Panicked, the young woman raced up the stairs only to find her mother’s room occupied by strangers. The linens and drapes were different, too. Eventually, a French police officer confided in the woman that her mother had suffered from the plague and that the hotel had disposed of her body and covered it up out of fear of the panic the presence of the plague in the city was sure to generate.
The story was told by a handful of reporters across multiple newspapers in the late 1800s. When pressed years later about its veracity, one reporter replied that he simply could not remember if the story had been related to him or if he’d simply made it up.[9]
1 The Choking Doberman
A young woman returns home after a night out with friends to a terrible sight: her beloved Doberman lying on its side, struggling to breathe. She rushes her pet to the emergency veterinary hospital, where she’s told that the necessary surgery could take hours and that she should return home and wait for news.

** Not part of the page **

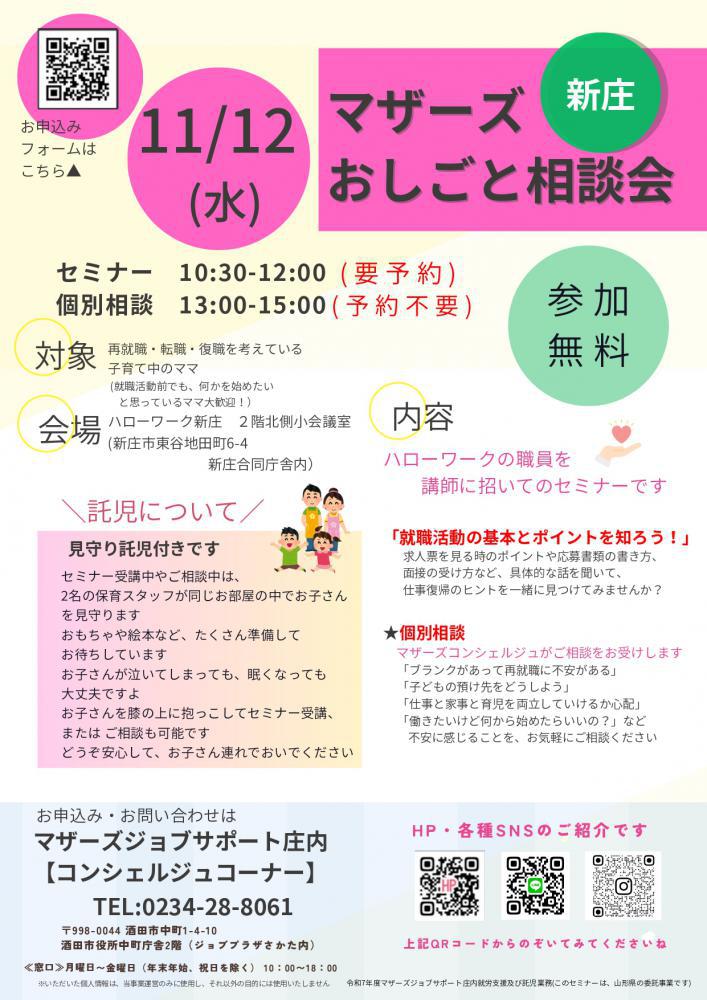 マザーズジョブサポート庄内おしごと相談会 in 新庄を開催します。【開催日】11月12日(水)【開催場所】ハローワーク新庄2階北側小会議室(新庄市東谷地田町6-4 新庄合同庁舎内) 【内容】第1部 10:30〜12:00「就職活動の基本とポイントを知ろう!」(要予約)求人票を見るときのポイントや応募書類の書き方、面接の受け方など具体的な話を聞いて、仕事復帰のヒントを一緒に見つけてみませんか?第2部 13:00〜15:00 個別相談会 (予約不要)・おしごとに関するお悩み・子どもの預け先・仕事と家事、子育てとの両立 など、お気軽にご相談ください。※どなたでもご利用いただけます、 ♪お子さんと一緒に、お気軽にお越しください♪お子さんと同じお部屋でセミナーを受講し、相談することができます。保育スタッフが、ママをサポートいたします。 どうぞ、お気軽にお問い合わせくださいね。☆★☆コンシェルジュコーナーでLINEアカウントやっております♪ ☆★☆セミナーのお知らせや、お問い合わせ、お申込みにも対応しています♪ぜひお友達になってください☆https://lin.ee/zBnhdYULINEの場合は「お名前、電話番号、申込み講座、託児の有無」を送信して返信をお待ちくださいマザーズジョブサポート庄内コンシェルジュコーナーからの返信をもって申込受付完了となります◇お申込み・お問い合わせ◇マザーズジョブサポート庄内TEL:0234-28-8061

As she arrives home for the second time that night, the woman’s phone begins to ring. Breathless, the vet implores her to get out of the house right away. They’ve removed the obstructions from her dog’s throat, and they turned out to be three human fingers.
A would-be burglar is eventually discovered hiding in a closet, unconscious due to blood loss.
The idea that our dogs would do anything to protect us is an enduring one. The roots of this tale likely come from the historic legend of Llywelyn the Great and his dog Gelert. Llywelyn, the Prince of the Welsh in 1228, returned from a hunting trip one day to find his home in disarray. His infant son was missing, the crib overturned, and loyal Gelert’s snout was smeared with blood.
Convinced his dog had eaten his child, Llywelyn didn’t hesitate to draw his sword and strike Gelert down. It was only after doing so that he heard the chirping of his child from beneath the overturned crib and, when moving about the room to retrieve the baby, discovered the bloodied body of the wolf Gelert had killed to protect the child.[10]